There's Dr. Jack Byron (Matthew Marsden), whose greed keeps everyone else in danger. There's Samantha "Sam" Rogers (British actor KaDee Strickland), who's always in danger of forgetting her bogus Southern accent. Cole Burris (Eugene Byrd) and Gordon Mitchell (Morris Chestnut) play both depressing sides of the African-American coin in terror flicks: the former as eye-popping, squealing sidekick to the latter's black superman. Salli Richardson-Whitfield was hired to play the aptly named Gail Stern because she looks a bit like Jennifer Lopez, who starred in Anaconda and hasn't looked back.

Then there's Han Solo, or rather Bill Johnson, a grumpy, hunky boat captain played by someone named Johnny Messner a Clive Owen look-alike who's positively stuck on himself. Each of his macho moves is calculated to a numbing degree, posing himself as the unattainably perfect male. The most interesting thing about Messner is the ruckus raised by his recent comments on the Cinema Confidential Web site (www.cinecon.com) declaring himself as the only real man in Hollywood, dissing Orlando Bloom, Vin Diesel, Russell Crowe - practically anyone who lands acting jobs he can't. It's going to be fun watching this guy implode.

The snake effects are perhaps the only thing that computer animation hasn't improved upon since 1997. We don't see much of the enormous reptiles until the final 15 minutes, anyway. By then we just want everybody eaten so the credits can roll. Anacondas: The Hunt for the Blood Orchid might be a decent late-night distraction on somebody else's cable TV, so you don't have to pay for it there, either.

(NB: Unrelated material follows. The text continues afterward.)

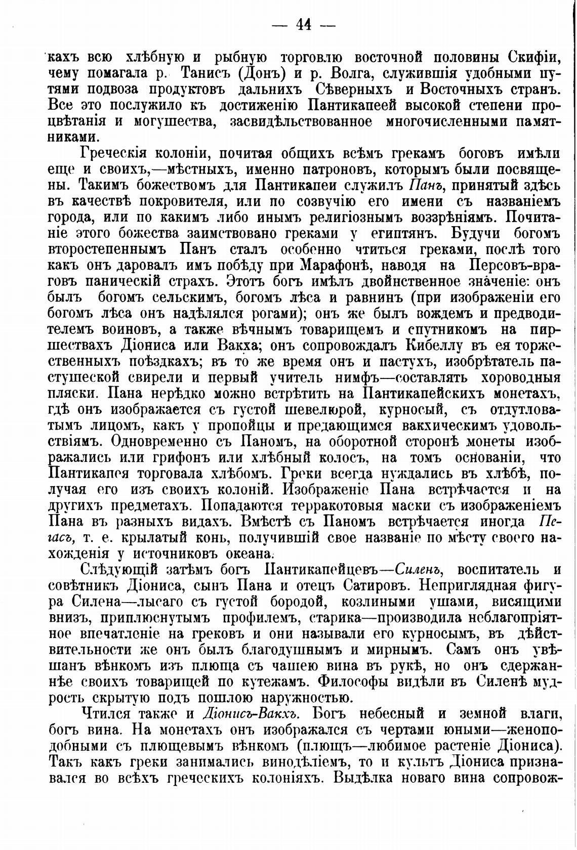 затЬмъ богь Пантикапейцевъ—Силенъ, воспитатель и

Anacondas: The Hunt for the Blood Orchid

Grade: D

Director: Dwight Little

Cast: Johnny Messner, KaDee Strickland, Matthew Marsden, Morris Chestnut, Eugene Byrd, Nicholas Gonzalez, Salli Richardson-Whitfield

Screenplay: John Claflin, Daniel Zelman, Michael Miner, Ed Neumeier

Rating: PG-13; violence, profanity, scary images

Running time: 98 min.

[Last modified August 27, 2004, 01:13:17]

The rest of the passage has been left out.